● **Directions for this task**
Copy the lines below exactly, starting at the one with "Sunrise Peak, or" and ending at the one with "١١٤ - وأحمد", and leave out any picture.

The input section start

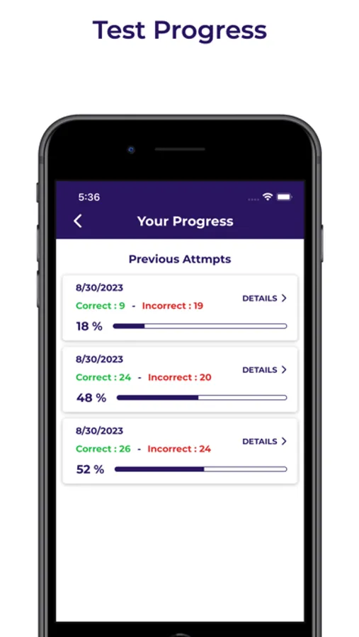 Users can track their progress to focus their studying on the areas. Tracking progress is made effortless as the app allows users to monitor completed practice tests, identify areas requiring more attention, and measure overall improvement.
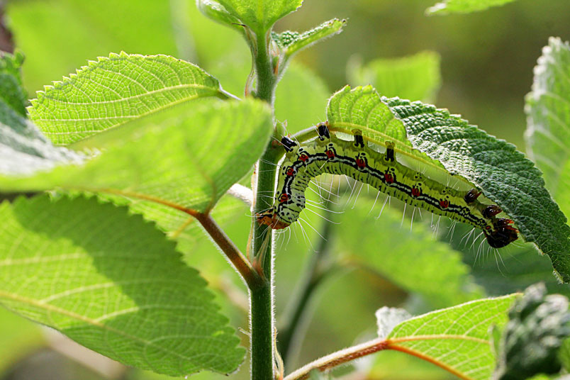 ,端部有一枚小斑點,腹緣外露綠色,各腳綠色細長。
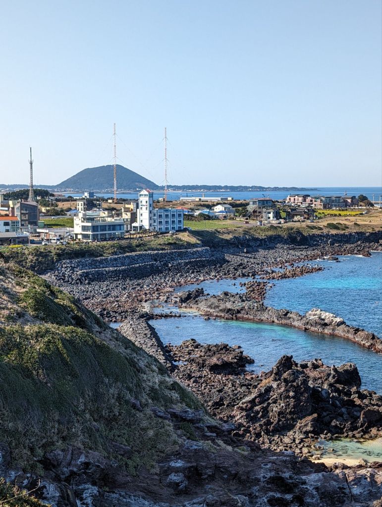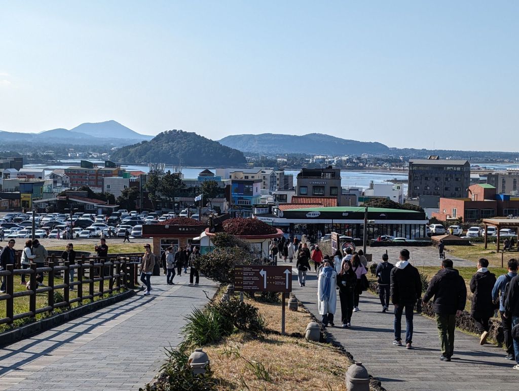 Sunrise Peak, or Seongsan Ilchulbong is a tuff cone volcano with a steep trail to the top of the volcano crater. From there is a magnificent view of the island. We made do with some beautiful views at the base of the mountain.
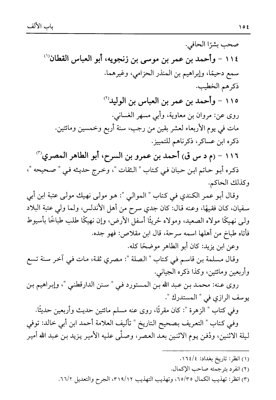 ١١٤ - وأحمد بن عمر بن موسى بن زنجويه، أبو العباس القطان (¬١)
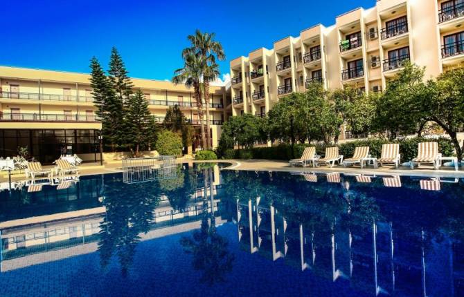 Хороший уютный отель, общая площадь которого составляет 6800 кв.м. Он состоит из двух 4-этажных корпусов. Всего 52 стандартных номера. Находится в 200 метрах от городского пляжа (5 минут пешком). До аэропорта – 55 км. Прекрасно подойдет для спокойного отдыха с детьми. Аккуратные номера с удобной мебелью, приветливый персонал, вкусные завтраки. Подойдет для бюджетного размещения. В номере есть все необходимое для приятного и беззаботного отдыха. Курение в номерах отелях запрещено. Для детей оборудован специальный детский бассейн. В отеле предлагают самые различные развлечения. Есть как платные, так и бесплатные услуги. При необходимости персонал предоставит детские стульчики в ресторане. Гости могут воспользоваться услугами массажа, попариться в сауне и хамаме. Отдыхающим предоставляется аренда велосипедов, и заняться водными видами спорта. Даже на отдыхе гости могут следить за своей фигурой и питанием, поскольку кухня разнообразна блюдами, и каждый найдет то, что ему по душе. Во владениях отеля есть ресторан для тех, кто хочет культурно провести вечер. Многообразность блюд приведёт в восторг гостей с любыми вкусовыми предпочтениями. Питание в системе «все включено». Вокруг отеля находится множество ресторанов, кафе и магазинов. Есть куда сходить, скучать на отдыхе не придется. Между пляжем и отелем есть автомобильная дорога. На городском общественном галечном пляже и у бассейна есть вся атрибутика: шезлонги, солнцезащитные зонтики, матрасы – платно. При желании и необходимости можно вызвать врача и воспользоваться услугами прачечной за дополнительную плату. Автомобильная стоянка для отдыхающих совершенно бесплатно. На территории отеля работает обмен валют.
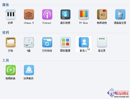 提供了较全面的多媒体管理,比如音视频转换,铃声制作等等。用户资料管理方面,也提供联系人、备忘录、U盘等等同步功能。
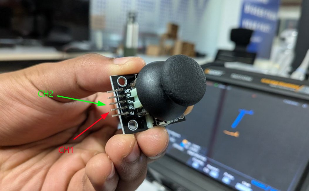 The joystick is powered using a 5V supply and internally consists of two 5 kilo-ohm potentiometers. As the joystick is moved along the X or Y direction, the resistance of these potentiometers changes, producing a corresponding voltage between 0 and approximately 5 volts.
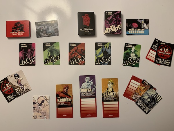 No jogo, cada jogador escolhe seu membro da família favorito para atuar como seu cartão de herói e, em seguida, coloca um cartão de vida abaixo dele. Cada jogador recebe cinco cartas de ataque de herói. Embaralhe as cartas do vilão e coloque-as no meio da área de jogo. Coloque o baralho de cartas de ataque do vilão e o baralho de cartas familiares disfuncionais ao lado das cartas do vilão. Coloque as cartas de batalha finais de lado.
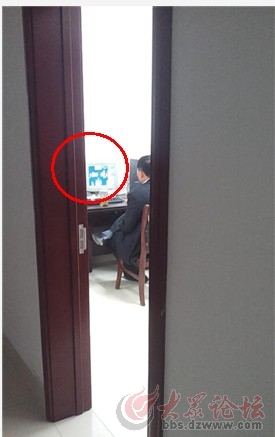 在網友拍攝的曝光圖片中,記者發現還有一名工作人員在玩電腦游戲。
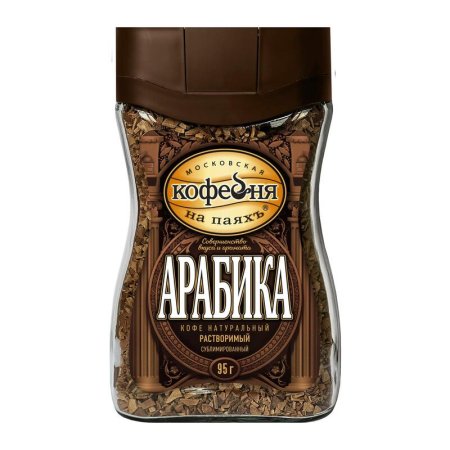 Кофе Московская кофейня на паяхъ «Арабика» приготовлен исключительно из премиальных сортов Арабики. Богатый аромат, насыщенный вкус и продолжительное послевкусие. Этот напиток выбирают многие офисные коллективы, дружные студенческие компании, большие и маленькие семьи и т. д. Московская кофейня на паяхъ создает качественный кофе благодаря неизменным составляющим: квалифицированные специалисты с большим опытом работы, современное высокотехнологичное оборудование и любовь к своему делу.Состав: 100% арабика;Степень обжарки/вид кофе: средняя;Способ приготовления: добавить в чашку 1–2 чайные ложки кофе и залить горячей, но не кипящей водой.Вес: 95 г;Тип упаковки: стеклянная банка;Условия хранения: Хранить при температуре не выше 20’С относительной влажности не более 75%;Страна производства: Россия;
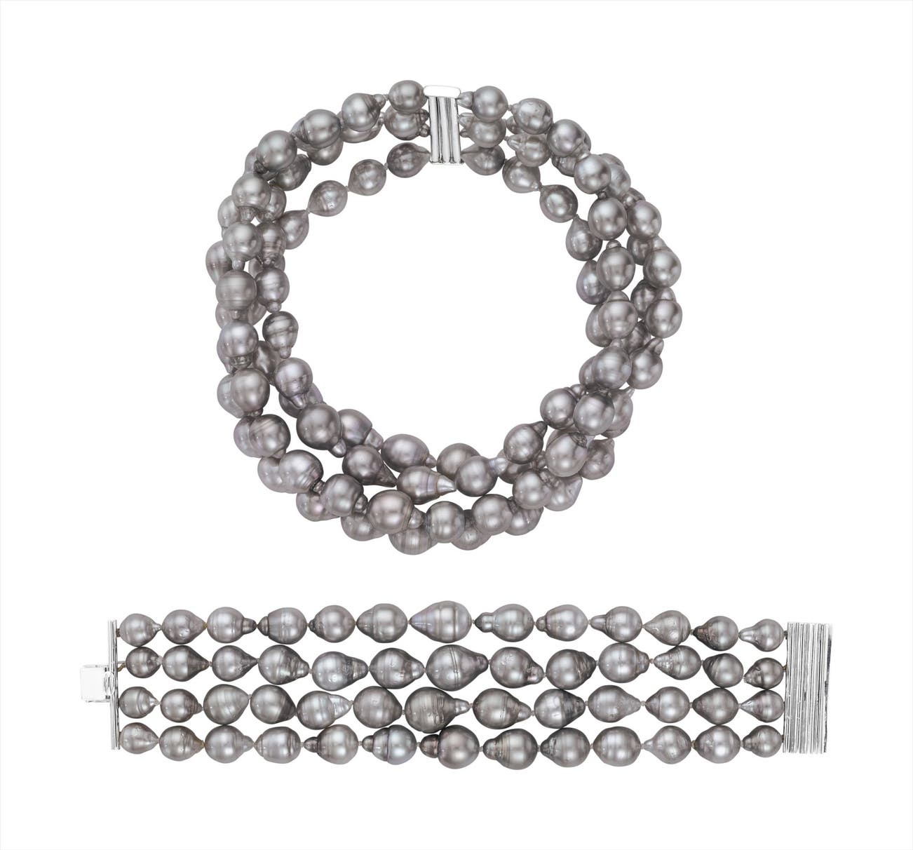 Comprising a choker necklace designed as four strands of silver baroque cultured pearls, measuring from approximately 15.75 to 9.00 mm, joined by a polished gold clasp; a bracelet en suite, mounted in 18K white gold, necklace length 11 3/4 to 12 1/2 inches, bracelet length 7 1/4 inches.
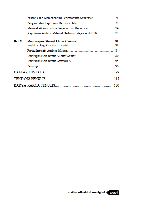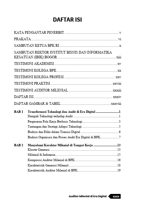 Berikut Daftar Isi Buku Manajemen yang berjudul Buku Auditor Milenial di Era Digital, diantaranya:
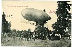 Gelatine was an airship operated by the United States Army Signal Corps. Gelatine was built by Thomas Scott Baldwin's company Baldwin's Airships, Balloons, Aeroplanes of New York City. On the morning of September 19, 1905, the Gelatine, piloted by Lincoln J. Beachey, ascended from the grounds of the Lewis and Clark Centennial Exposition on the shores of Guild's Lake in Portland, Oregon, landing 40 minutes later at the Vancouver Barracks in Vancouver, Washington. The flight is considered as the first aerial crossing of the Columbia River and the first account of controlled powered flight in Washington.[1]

The input section end
The input section start

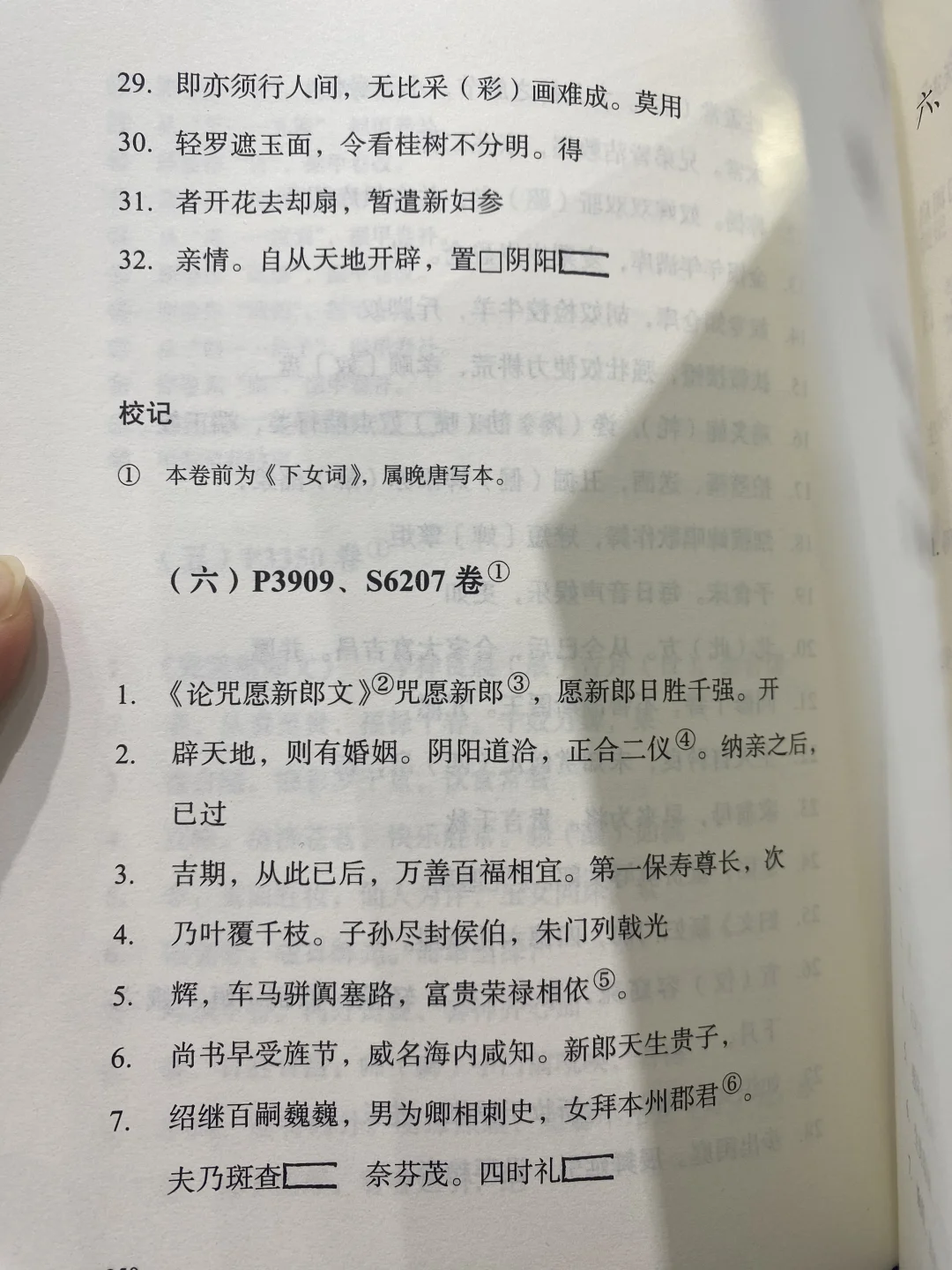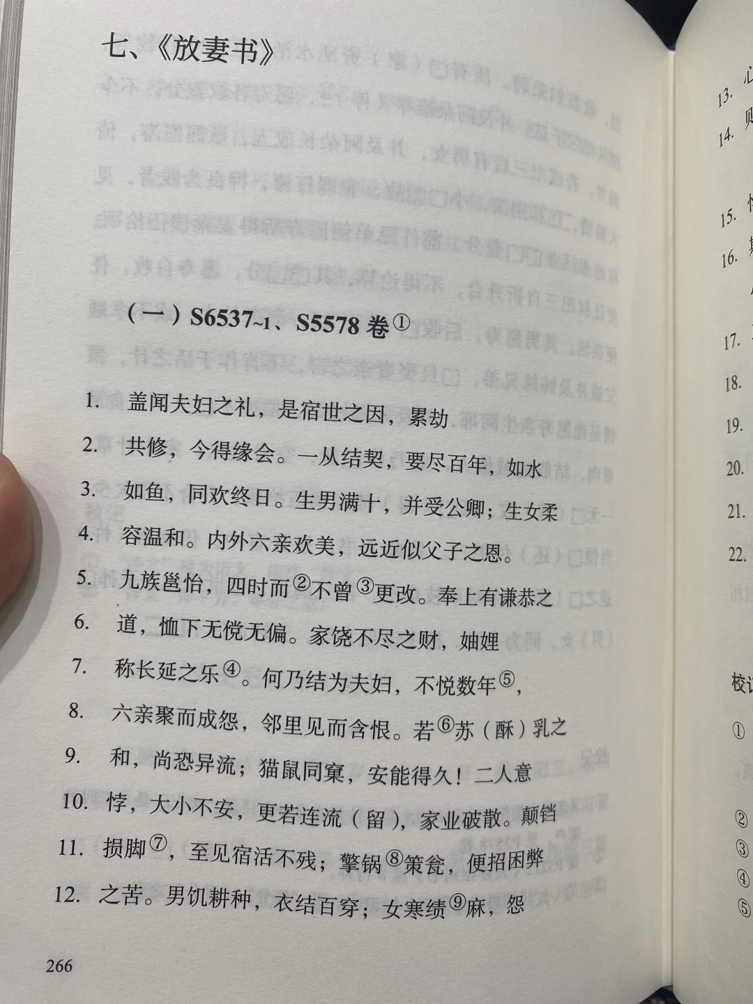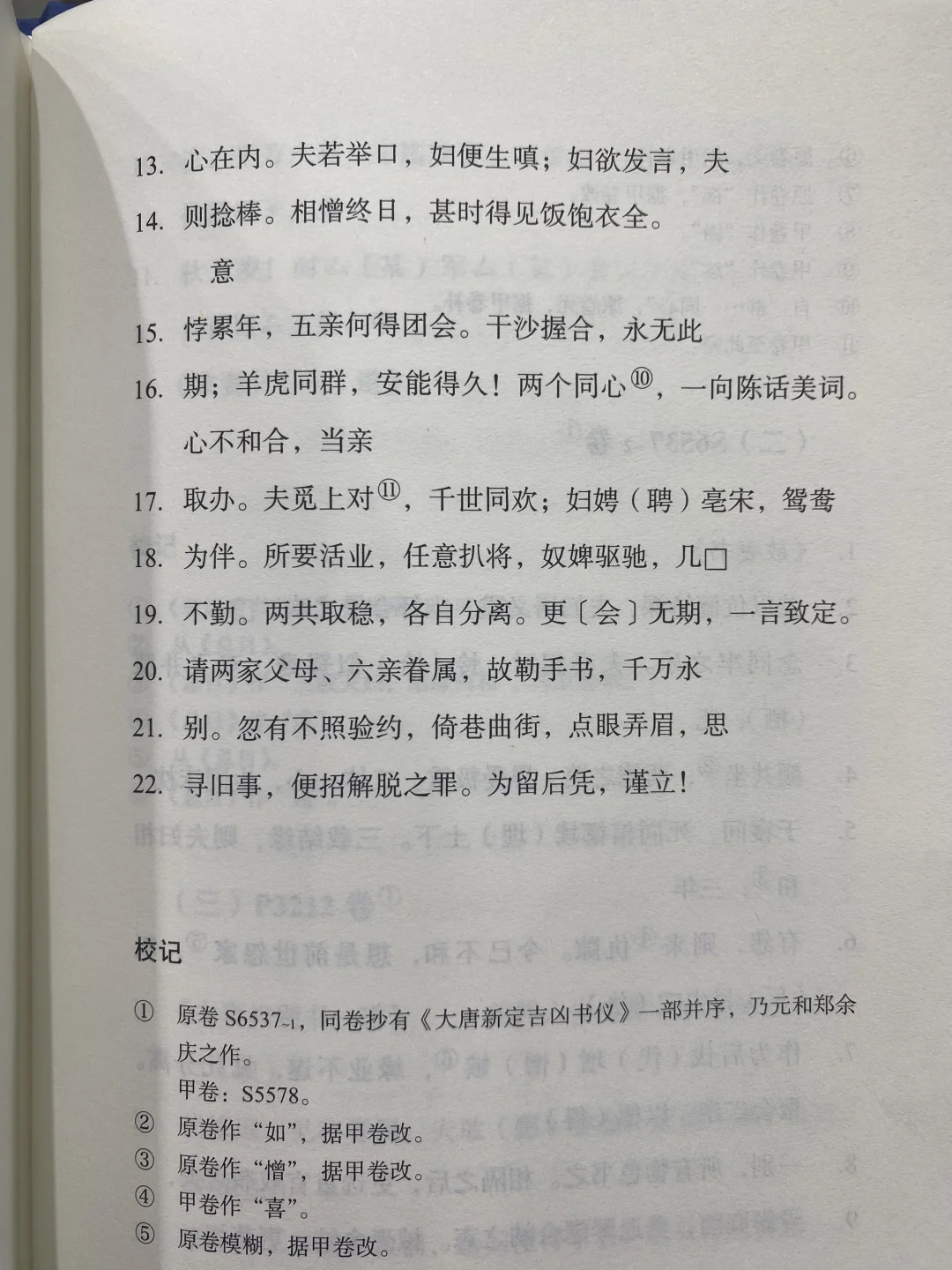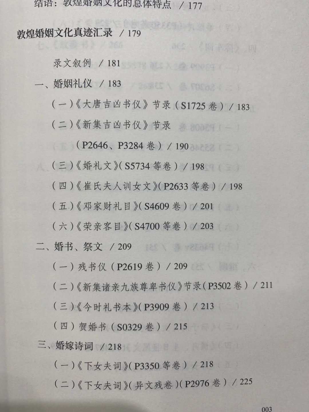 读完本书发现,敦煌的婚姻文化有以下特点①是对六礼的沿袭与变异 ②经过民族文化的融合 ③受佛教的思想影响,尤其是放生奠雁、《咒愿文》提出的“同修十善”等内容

The input section end
The input section start

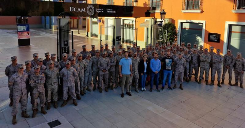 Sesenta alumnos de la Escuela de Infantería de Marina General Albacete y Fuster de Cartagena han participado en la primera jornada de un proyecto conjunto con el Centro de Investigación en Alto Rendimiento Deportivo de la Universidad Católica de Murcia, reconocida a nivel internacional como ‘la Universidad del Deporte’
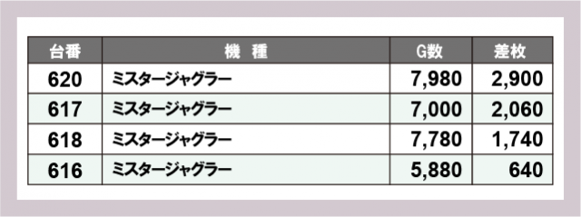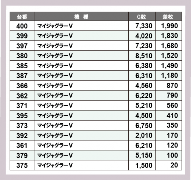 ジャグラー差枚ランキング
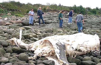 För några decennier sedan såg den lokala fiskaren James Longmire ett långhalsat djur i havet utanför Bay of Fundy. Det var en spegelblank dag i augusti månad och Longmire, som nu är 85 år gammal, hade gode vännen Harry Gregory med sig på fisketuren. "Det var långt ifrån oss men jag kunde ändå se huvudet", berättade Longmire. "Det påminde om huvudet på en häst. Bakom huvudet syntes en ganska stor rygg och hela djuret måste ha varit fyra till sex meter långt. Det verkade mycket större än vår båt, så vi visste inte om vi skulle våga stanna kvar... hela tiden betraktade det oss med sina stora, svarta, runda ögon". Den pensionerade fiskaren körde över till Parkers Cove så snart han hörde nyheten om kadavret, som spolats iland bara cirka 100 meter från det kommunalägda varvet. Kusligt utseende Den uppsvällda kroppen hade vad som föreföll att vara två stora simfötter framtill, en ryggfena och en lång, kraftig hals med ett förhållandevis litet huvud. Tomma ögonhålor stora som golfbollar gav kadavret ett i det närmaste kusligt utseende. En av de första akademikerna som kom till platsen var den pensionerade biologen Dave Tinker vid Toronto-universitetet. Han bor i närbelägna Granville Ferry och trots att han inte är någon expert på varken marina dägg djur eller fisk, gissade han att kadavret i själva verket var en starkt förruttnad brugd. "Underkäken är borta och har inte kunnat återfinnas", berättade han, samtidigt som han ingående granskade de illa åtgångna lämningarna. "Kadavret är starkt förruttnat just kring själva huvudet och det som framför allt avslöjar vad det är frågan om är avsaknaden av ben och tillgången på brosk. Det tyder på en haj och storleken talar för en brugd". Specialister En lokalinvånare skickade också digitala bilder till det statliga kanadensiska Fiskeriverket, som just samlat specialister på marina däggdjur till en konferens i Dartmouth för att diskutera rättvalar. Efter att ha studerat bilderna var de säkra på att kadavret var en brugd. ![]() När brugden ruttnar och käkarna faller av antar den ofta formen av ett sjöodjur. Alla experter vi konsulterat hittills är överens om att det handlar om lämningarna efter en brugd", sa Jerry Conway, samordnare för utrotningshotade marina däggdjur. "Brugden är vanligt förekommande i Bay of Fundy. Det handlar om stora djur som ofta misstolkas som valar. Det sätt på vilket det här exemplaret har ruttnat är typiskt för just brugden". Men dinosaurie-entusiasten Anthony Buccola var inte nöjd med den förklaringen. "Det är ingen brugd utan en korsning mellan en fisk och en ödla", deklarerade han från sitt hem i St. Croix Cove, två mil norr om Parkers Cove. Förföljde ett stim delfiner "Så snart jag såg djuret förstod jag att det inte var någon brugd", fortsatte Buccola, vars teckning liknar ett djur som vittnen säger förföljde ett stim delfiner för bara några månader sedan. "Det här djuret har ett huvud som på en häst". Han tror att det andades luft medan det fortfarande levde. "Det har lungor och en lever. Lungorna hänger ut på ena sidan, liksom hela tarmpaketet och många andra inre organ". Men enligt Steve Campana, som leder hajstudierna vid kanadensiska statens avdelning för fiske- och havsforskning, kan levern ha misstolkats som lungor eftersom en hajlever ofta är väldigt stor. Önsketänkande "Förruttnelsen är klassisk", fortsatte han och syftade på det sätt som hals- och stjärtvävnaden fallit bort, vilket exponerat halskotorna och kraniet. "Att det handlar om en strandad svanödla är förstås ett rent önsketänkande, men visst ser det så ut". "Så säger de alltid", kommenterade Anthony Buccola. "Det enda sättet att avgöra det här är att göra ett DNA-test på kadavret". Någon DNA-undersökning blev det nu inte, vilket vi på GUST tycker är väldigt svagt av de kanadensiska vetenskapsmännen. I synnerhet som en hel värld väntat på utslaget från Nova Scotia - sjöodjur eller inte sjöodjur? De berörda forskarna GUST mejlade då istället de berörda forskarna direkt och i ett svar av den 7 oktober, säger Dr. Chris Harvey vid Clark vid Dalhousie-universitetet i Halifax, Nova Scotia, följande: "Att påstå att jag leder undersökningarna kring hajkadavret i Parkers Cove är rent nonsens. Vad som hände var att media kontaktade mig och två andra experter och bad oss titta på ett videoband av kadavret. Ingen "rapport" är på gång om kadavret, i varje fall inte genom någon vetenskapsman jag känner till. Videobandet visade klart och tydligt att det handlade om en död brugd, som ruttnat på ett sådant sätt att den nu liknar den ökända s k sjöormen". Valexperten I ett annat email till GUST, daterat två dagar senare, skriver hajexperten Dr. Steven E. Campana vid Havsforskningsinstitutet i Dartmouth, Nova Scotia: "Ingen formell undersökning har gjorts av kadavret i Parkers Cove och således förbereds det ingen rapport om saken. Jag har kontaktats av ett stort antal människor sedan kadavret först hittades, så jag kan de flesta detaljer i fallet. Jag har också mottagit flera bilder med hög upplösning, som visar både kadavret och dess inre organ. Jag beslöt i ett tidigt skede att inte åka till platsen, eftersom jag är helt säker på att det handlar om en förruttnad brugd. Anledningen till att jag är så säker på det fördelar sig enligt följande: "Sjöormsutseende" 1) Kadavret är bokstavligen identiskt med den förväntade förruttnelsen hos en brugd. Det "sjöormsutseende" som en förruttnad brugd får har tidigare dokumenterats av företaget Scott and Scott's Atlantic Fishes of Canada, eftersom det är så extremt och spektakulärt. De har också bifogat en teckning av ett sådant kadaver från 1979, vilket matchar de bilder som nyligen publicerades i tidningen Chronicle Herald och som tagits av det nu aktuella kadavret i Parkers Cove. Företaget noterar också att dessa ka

The input section end

● **Your solution**
 Sunrise Peak, or Seongsan Ilchulbong is a tuff cone volcano with a steep trail to the top of the volcano crater. From there is a magnificent view of the island. We made do with some beautiful views at the base of the mountain.
 ١١٤ - وأحمد بن عمر بن موسى بن زنجويه، أبو العباس القطان (¬١)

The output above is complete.